Splatoon comme oeuvre vivante et participative : les Splatfests sont son expression la plus directe et la plus efficace. Ils font du jeu une place publique, au sens le plus fort du terme.
7. Le Splatfest comme format exportable : ce que l'industrie n'a pas su copier
Depuis dix ans, d'autres franchises ont essayé de reproduire la magie des Splatfests. Des événements ponctuels dans Overwatch, des votes communautaires dans divers jeux de service, des "guerres de couleurs" dans des applications mobiles. Aucune n'a réussi à créer le même attachement.

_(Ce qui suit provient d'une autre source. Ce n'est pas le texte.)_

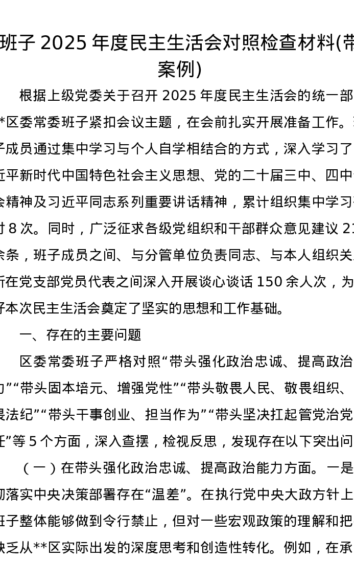 班子2025年度xxxxx对照检查材料(带案例)

La raison est simple : les Splatfests fonctionnent parce qu'ils sont ancrés dans le lore. Choisir Team Mayo ou Team Ketchup, c'est aussi choisir son idole. Entendre Marina argumenter pour l'Ordre pendant quarante-huit heures, c'est apprendre à la connaître différemment. L'événement n'est pas un simple prétexte compétitif : c'est une occasion narrative.
Reproduire les Splatfests sans l'architecture émotionnelle qui les entoure (les personnages, le monde vivant, la mémoire accumulée des votes précédents) revient à reproduire la forme sans le fond. Ce n'est pas un format copiable parce que ce n'est pas un format autonome. C'est le symptôme d'une franchise qui a décidé que chaque aspect de son design devait servir l'oeuvre entière. Et c'est précisément ce qui rend Splatoon irremplaçable.
Ce constat révèle quelque chose de fondamental sur la nature de l'innovation en game design : les meilleures mécaniques ne sont pas des fonctionnalités isolées, elles sont des systèmes intégrés dans un tissu d'intentions cohérentes. Les Splatfests ne fonctionnent pas parce qu'ils ont un bon game design au sens technique. Ils fonctionnent parce qu'ils expriment parfaitement les valeurs d'une franchise : la joie collective, l'engagement non-violent, la confiance accordée à la communauté, et la conviction que même un choix futile mérite d'être fait avec conviction.
Les Splatfests sont la manifestation la plus visible de Splatoon comme oeuvre vivante. Ils transforment le jeu d'un produit consommable en une expérience partagée, temporelle, irrépétable. Ils font de chaque partie de Turf War disputée pendant l'événement un acte politique minuscule, une contribution à un résultat qui aura des conséquences pour tous, même pour ceux qui n'étaient pas là.
Notes et sources
- Mécanisme détaillé des Splatfests par opus : Inkipedia, Splatfest ; Inkipedia, List of Splatfests in Splatoon 3.
- Sur le Splatocalypse (Chaos vs. Ordre, juillet 2019) : Siliconera, 8 juin 2019 ; Inkipedia, Chaos vs. Order.
- Confirmation par Inoue du lien Splatocalypse/Splatoon 3 : Ask the Developer Vol. 7, Splatoon 3, chapitre 1 (Nintendo UK, 7 septembre 2022).
- Résultats du Grand Festival (Team Past, septembre 2024) : Nintendo US, 16 septembre 2024.
- Résultats du Splatfest Callie vs. Marie (Marie 360-340) : Inkipedia, List of Splatfests in Splatoon.
- Sur le Splatfest Nessie vs. Aliens vs. Big Foot : Inkipedia, Nessie vs. Aliens vs. Big Foot.